### SOURCE DATA
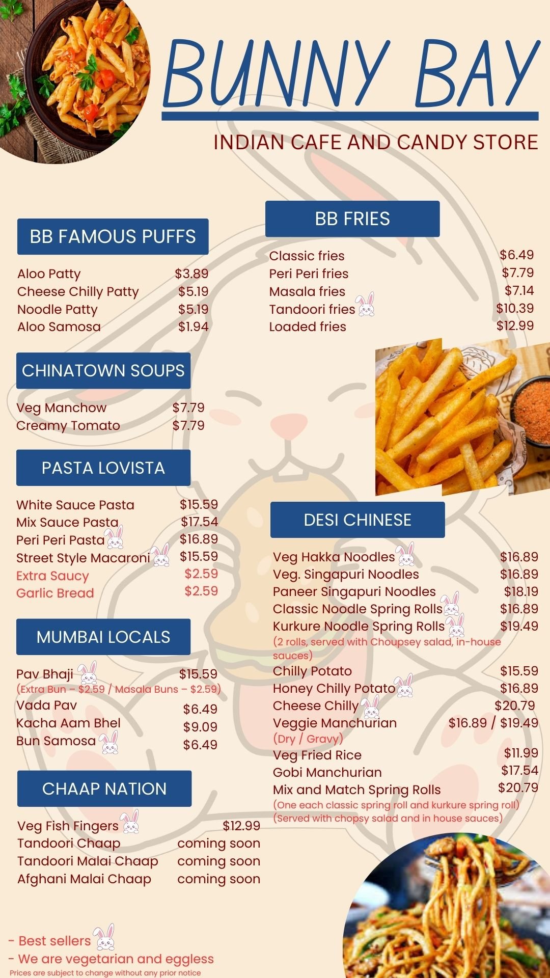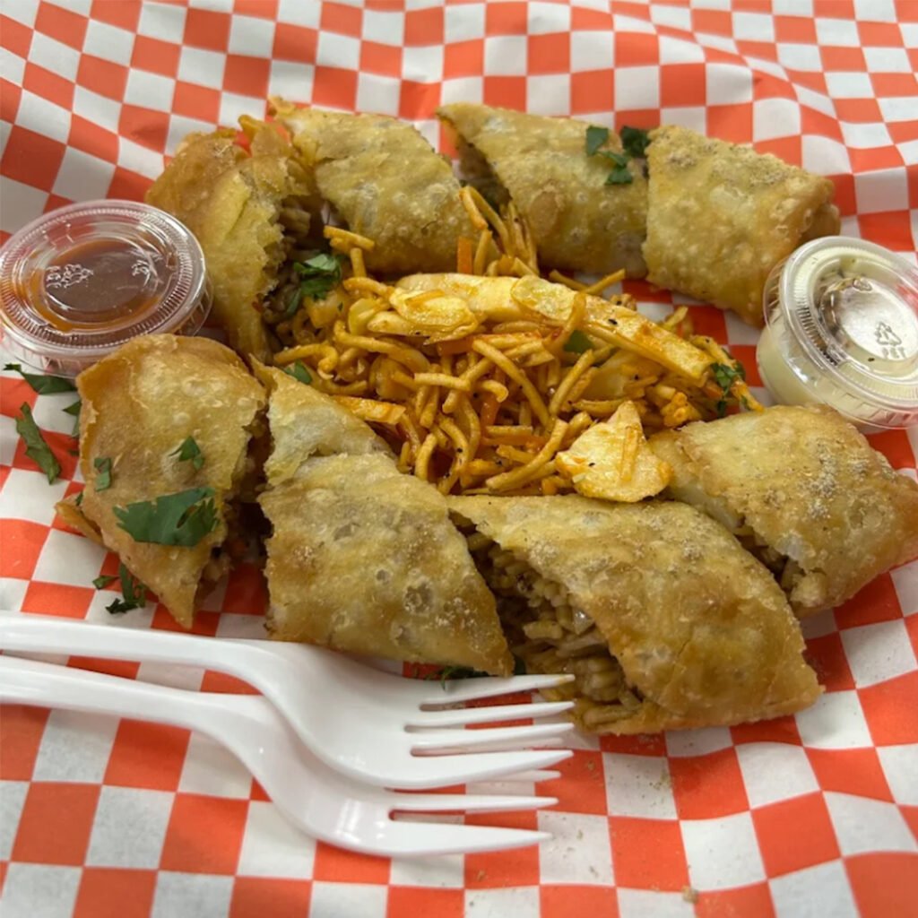 - Burger patty momos spring roll macroni pasta nutri kulcha
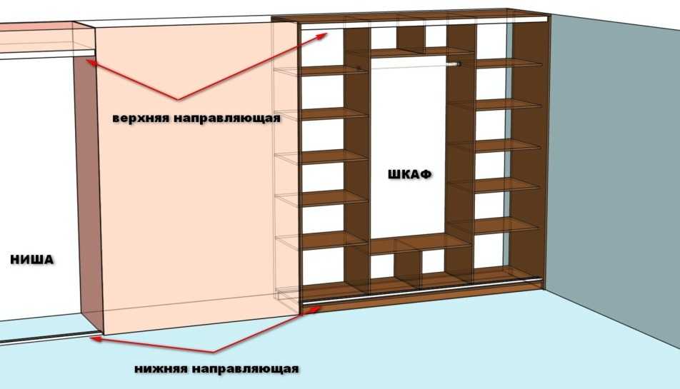 Также понадобятся такие комплектующие, как штанги для вешалок, направляющие для движения створок, дверной механизм.
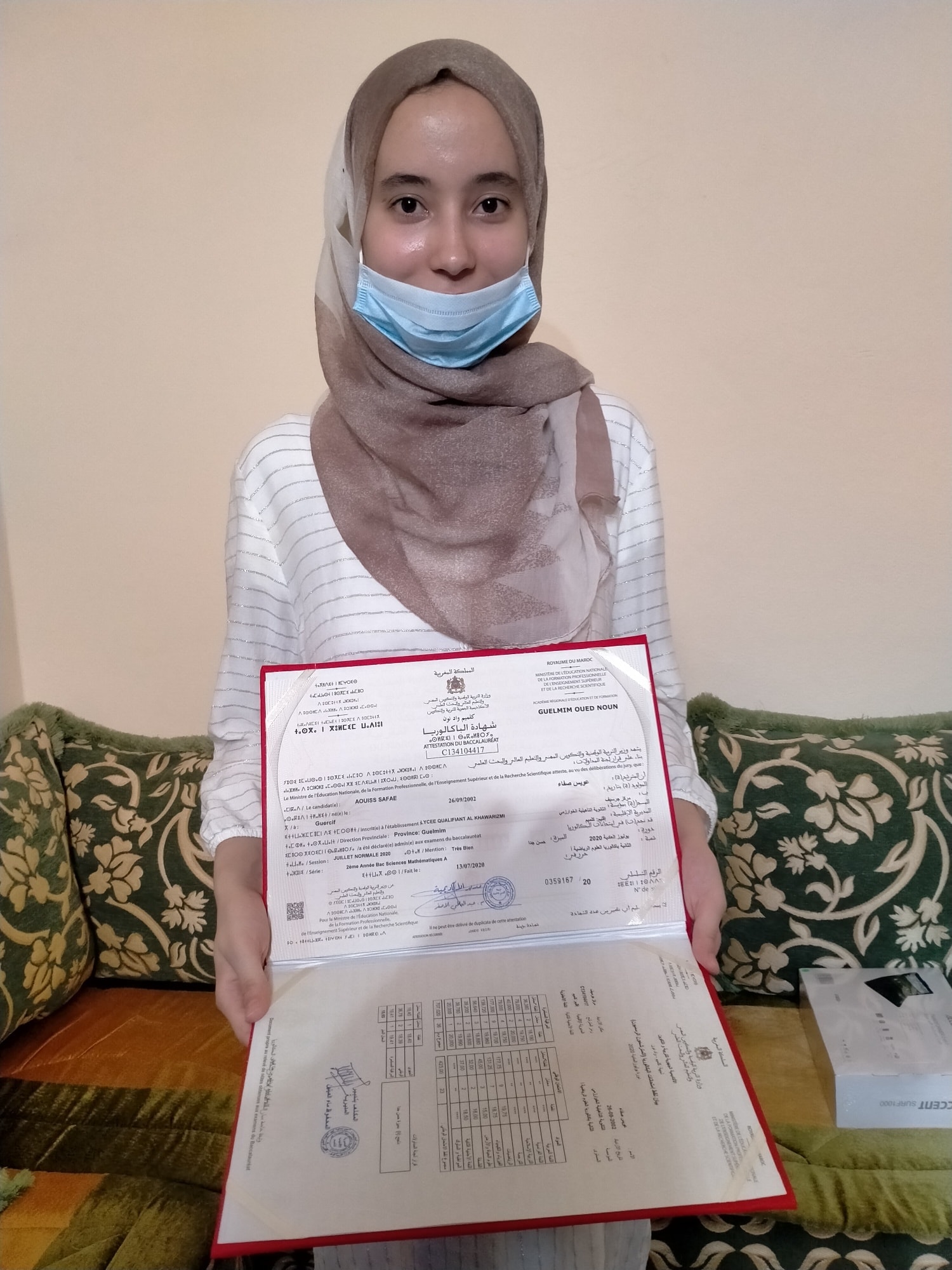 ب 18,65 كأعلى معدل على مستوى جهة كلميم واد نون في الدورة العادية لامتحانات البكالوريا برسم سنة 2020، بدأت التلميذة صفاء عويس في فك أولى شيفرات المستقبل.

### EXERCISE DESCRIPTION
The job is to return the listing above exactly, minus its pictures.

### OUTPUT OF THE EXERCISE
 - Burger patty momos spring roll macroni pasta nutri kulcha
 Также понадобятся такие комплектующие, как штанги для вешалок, направляющие для движения створок, дверной механизм.
 ب 18,65 كأعلى معدل على مستوى جهة كلميم واد نون في الدورة العادية لامتحانات البكالوريا برسم سنة 2020، بدأت التلميذة صفاء عويس في فك أولى شيفرات المستقبل.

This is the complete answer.